Dataset records:
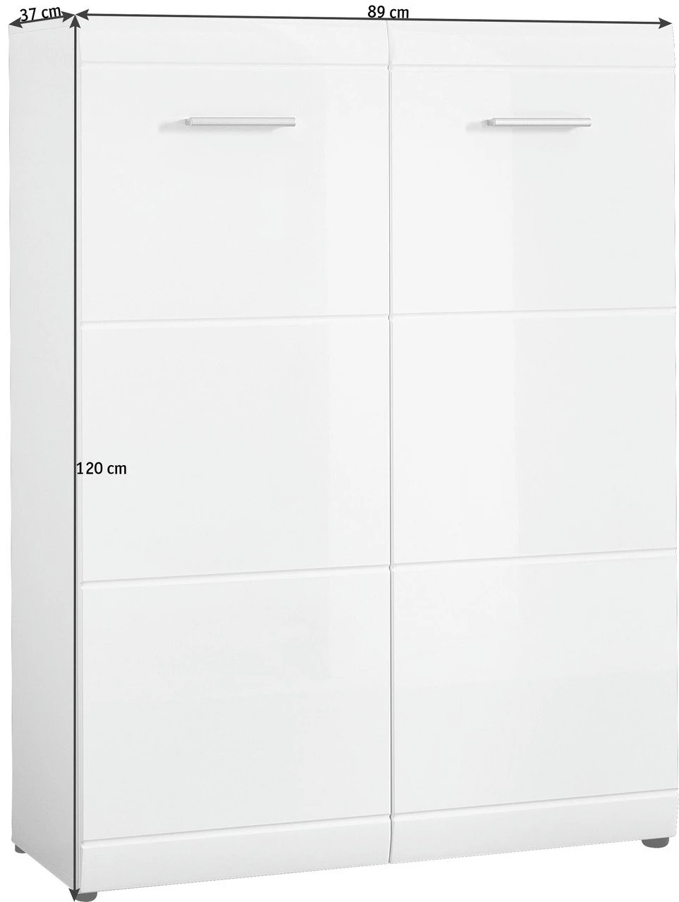 Der weiße Schuhschrank “AVILA” von Xora gehört zur gleichnamigen Garderobenserie, kann aber auch als Solist verwendet werden. Der Korpus in Holznachbildung wird mit einer hochglänzenden, tiefgezogenen, weißen Front aus MDF verziert. Hinter den beiden Türen befinden sich 5 verstellbare Einlegeböden und bieten viel Platz für Ihre Schuhe. Mit seinen Maßen B/H/L von ca. 90 x 120 x 36 cm bietet der Schrank jede Menge Platz, ohne selbst viel Raum in Anspruch zu nehmen. Geben Sie Ihren Schuhen ein neues Zuhause mit dem Schuhschrank “AVILA” von Xora!
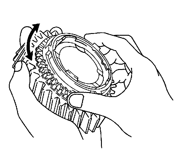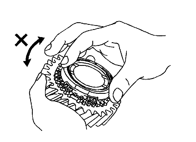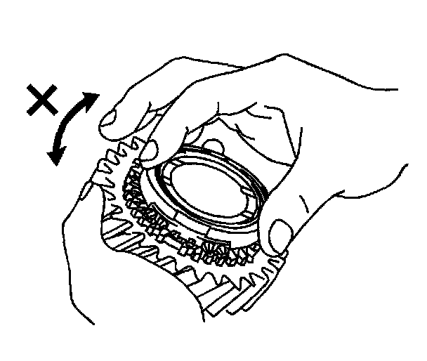 107. Check the 2nd gear braking action of the synchronizer ring. Turn the synchronizer ring in one direction while pushing it into the gear cone. Ensure that the ring locks. Replace the ring if necessary.
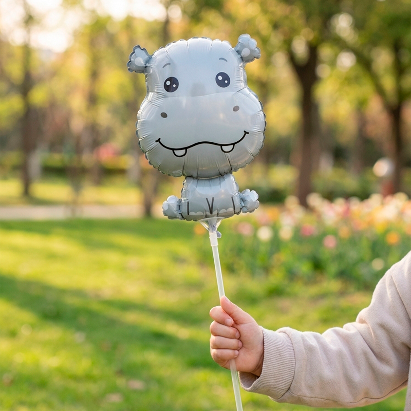 Фольгированный воздушный шар Бегемотик мини будет прекрасным самостоятельным подарком, а также дополнит тематическую фотозону или крафт букет.
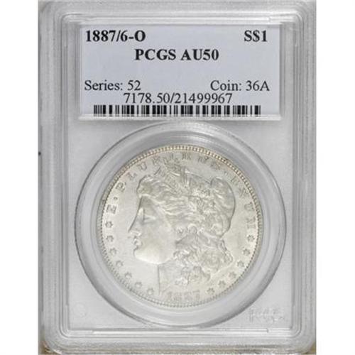 <B>1887/6-O $1 AU50 PCGS.</B></I> PCGS Population (5/785). NGC Census: (3/373). Numismedia Wsl. Price for NGC/PCGS coin in AU50: $152. (#7178)<BR><BR><B>Coin Engraver:</B> George T. Morgan<BR><BR><b>Shipping:</b> Coins & Currency (<a target="_blank" href="http://www.heritageauctions.com/common/shipping.php">view shipping information</a>)
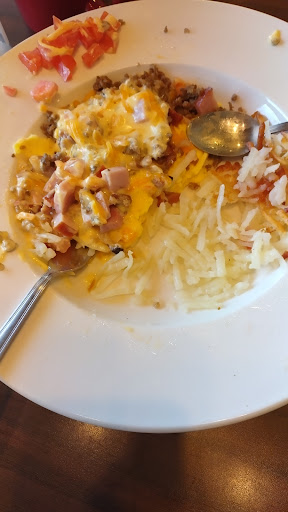Ā Ā Ā Read moreWent for breakfast and ordered 2 steamed eggs (like poached) on sourdough toast with hash browns and a piece of sausage. Our server was great, but the manager was cooking and he needs to be taught how to cook. After 40 minutes mine and my friend's breakfast came out, and I had 2 steamed eggs on biscuits, a blackened piece of sausage and no hash browns. I had to send it back. Our server took it back to the kitchen and then after 10 minutes came back with the right combo of food. My sourdough toast was barely toasted and was tough to cut and chewy, my sausage patty was blackened and very chewy and void of flavor; it was like eating a piece of black pudding one would get in the UK. The hash browns were too cooked as they were crunchy and hard. I don't know why the manager was doing most of the cooking as there a cook there, and while they were steady/ busy, the place wasn't packed or slammed. The two stars for service had to do with the kitchen as our server was great. The two stars for atmosphere was for appearance. Whomever picked that color of blue for the walls has no experience with color or basic decorating. The restaurant wasn't very clean, went to sit near cashier area to wait on a table, and there were large floor mats sitting on both seats in waiting area which should've been put on the floor where they belong when they first opened, and your biscuit gravy is super salty; that's literally all I could taste was salt, and I'm not a salt person. One final word, this is part of a chain, but in Indiana why use Heinz ketchup? You should be using Red Gold ketchup which is made in Madison...
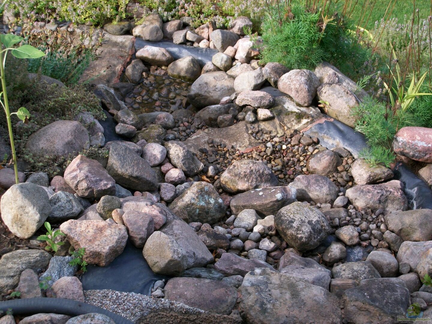 Teich mit Sumpfzone, Bachlauf und kleinem Wasserfall Der Teich wird stufenartig tiefer. Es gibt 4 Tiefenstufen. Der tiefste Bereich ist vorne mittig. Der Teich wird von 2 Seiten von einer Feldsteinmauer begrenzt, an den anderen beiden Seiten grenzt er an Rasenfläche. Der Bach verläuft durch einen Steingartenberg, der bis zum Wasserfall eine Höhe von ca. 1, 5 Meter hat. ??ber den Bach führt eine Treppe zur Terrasse; der Bach wird darunter durch ein Rohr geleitet.
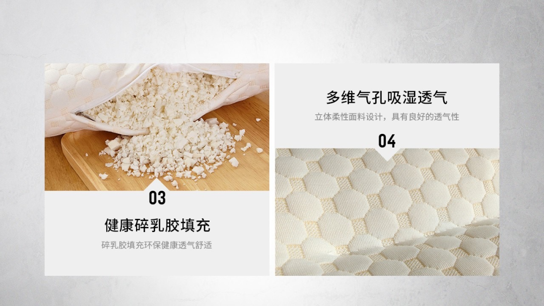 碎乳胶填充,流动性强,枕头各区域的高度可以自主调节。填充物环保健康、透气干爽,给大家一个舒适的睡眠环境。

▶ [Task description]
For this exercise, set down the lines in the entries above from the one with "Фольгированный воздушный шар" through the one with "<B>1887/6-O $1 AU50" exactly as written, without any pictures.

▶ [Result of this exercise]
 Фольгированный воздушный шар Бегемотик мини будет прекрасным самостоятельным подарком, а также дополнит тематическую фотозону или крафт букет.
 <B>1887/6-O $1 AU50 PCGS.</B></I> PCGS Population (5/785). NGC Census: (3/373). Numismedia Wsl. Price for NGC/PCGS coin in AU50: $152. (#7178)<BR><BR><B>Coin Engraver:</B> George T. Morgan<BR><BR><b>Shipping:</b> Coins & Currency (<a target="_blank" href="http://www.heritageauctions.com/common/shipping.php">view shipping information</a>)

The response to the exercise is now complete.